Since a lot of this was unfamiliar to me, I went ahead and wrote up how I worked through it in the hope that it would be useful to someone else down the road...
Here's our starting expression, let's break this down and go through it:
%{eif:trunc(t):d:2}.%{eif:(1M*t-1M*trunc(t))/10000:d:2}
eif
is 'evaluate_int_format', it evaluates the expression’s value and outputs as formatted integer. From the docs:
The first argument is the expression to be evaluated, just as for the expr function.
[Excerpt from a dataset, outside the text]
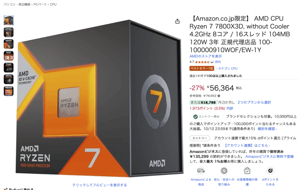 そんなRyzen 7 7800X3Dですが、Amazonにて3年のメーカー保証が付与されている正規代理店品が税込み56,364円で販売されています。

The second argument specifies the output format. Allowed values are x
, X
, d
and u
. They are treated exactly as in the printf function.
The third parameter is optional and sets the number of positions taken by the output. It can be used to add padding with zeros from the left.... so :d:2
means a decimal integer padded to two digits.
t
is the timestamp in seconds. ffmpeg appears to keep this down to millisecond accuracy, so by manipulating this we can get the output we want.
So:
%{eif:trunc(t):d:2}
trunc(t) is just the integer part of the timestamp.
the eif
call here just formats that to two zero-padded digits.
(1M*t-1M*trunc(t))/10000
this is slick: 1M*t
basically shifts the whole timestamp by 10e6, which gives us the total number of microseconds as an integer - or said another way we just cast the timestamp to an integer...
similarly: 1M*trunc(t)
rounds down that value to the nearest second.
1.746826 seconds
becomes 1,746,826 microseconds
which then trunc's down to 1,000,000 microseconds
.
subtracting them leaves us with just the remainder (in microseconds).
Since we want the output in hundredths of seconds, we divide by 10000 (really another shift) and this gives us the fractional leftovers, as another integer, which we then format to two digits with zero padding.